What the task asks: Send back the data below exactly. Drop every picture.

[Opening Available data section]

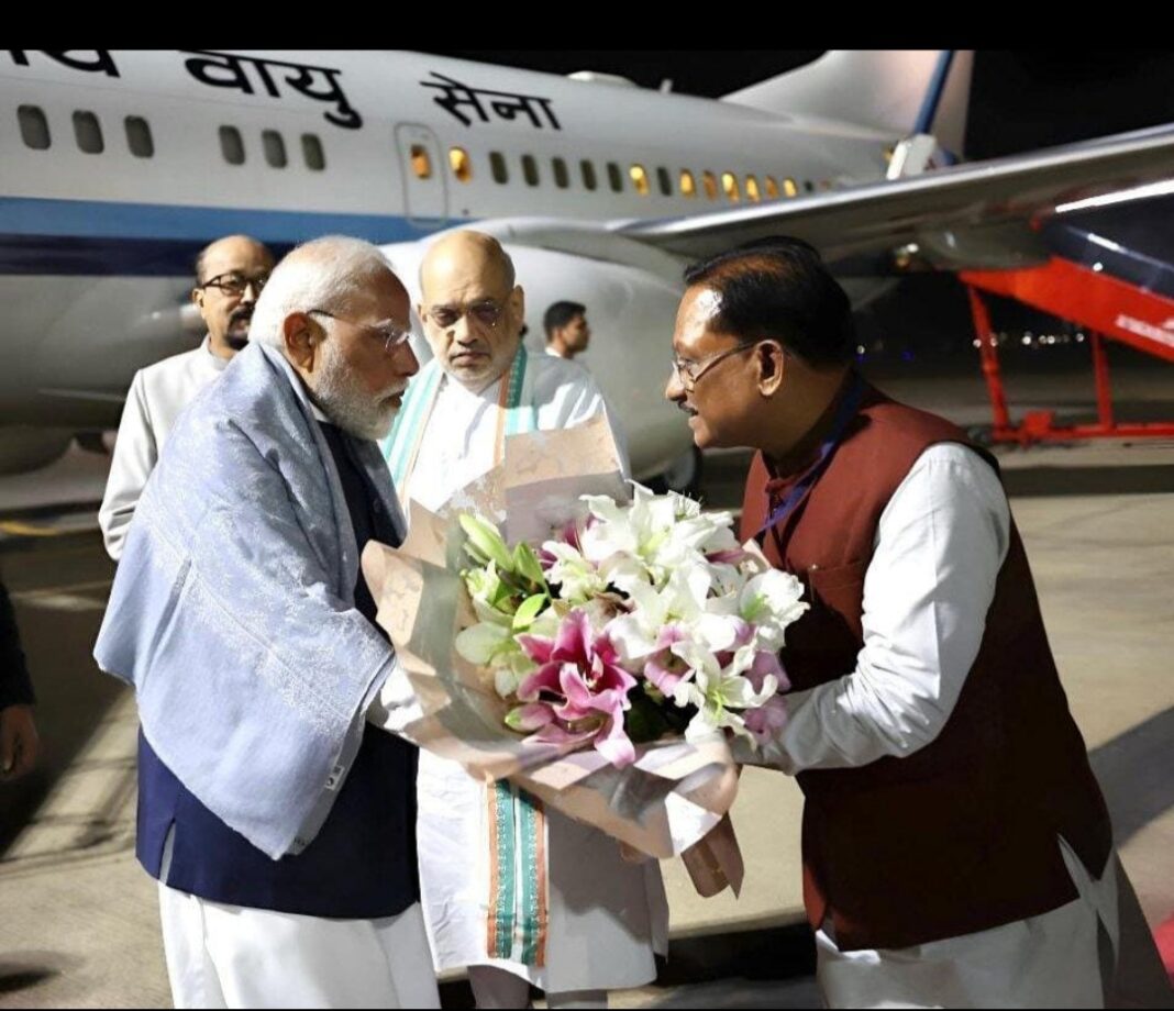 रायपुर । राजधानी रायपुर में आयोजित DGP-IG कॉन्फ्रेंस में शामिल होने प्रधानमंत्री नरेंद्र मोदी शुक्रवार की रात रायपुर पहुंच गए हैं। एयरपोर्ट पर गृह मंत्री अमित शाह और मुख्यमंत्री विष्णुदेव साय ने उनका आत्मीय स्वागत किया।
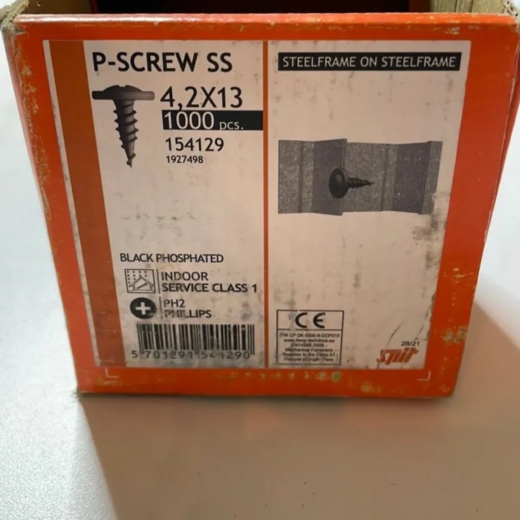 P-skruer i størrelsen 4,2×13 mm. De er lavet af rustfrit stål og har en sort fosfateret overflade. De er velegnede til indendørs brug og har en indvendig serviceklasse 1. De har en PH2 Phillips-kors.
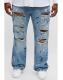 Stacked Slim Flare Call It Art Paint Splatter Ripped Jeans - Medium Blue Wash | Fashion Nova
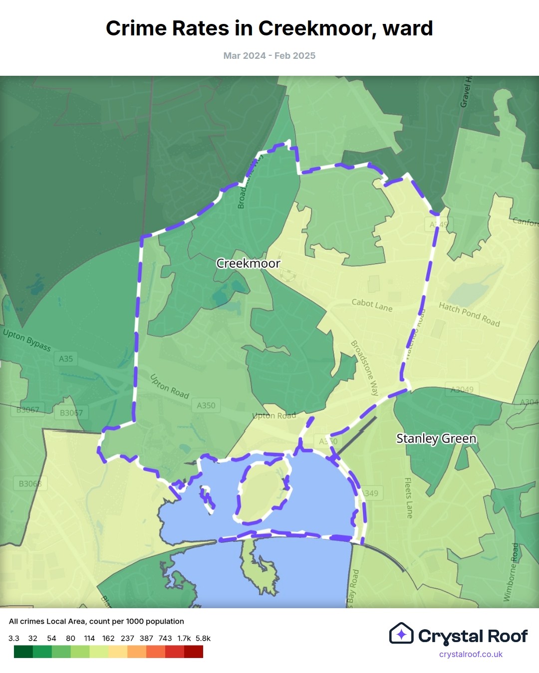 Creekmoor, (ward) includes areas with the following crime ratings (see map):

[Closing Available data section]

Problem solution:
 रायपुर । राजधानी रायपुर में आयोजित DGP-IG कॉन्फ्रेंस में शामिल होने प्रधानमंत्री नरेंद्र मोदी शुक्रवार की रात रायपुर पहुंच गए हैं। एयरपोर्ट पर गृह मंत्री अमित शाह और मुख्यमंत्री विष्णुदेव साय ने उनका आत्मीय स्वागत किया।
 P-skruer i størrelsen 4,2×13 mm. De er lavet af rustfrit stål og har en sort fosfateret overflade. De er velegnede til indendørs brug og har en indvendig serviceklasse 1. De har en PH2 Phillips-kors.
 Stacked Slim Flare Call It Art Paint Splatter Ripped Jeans - Medium Blue Wash | Fashion Nova
 Creekmoor, (ward) includes areas with the following crime ratings (see map):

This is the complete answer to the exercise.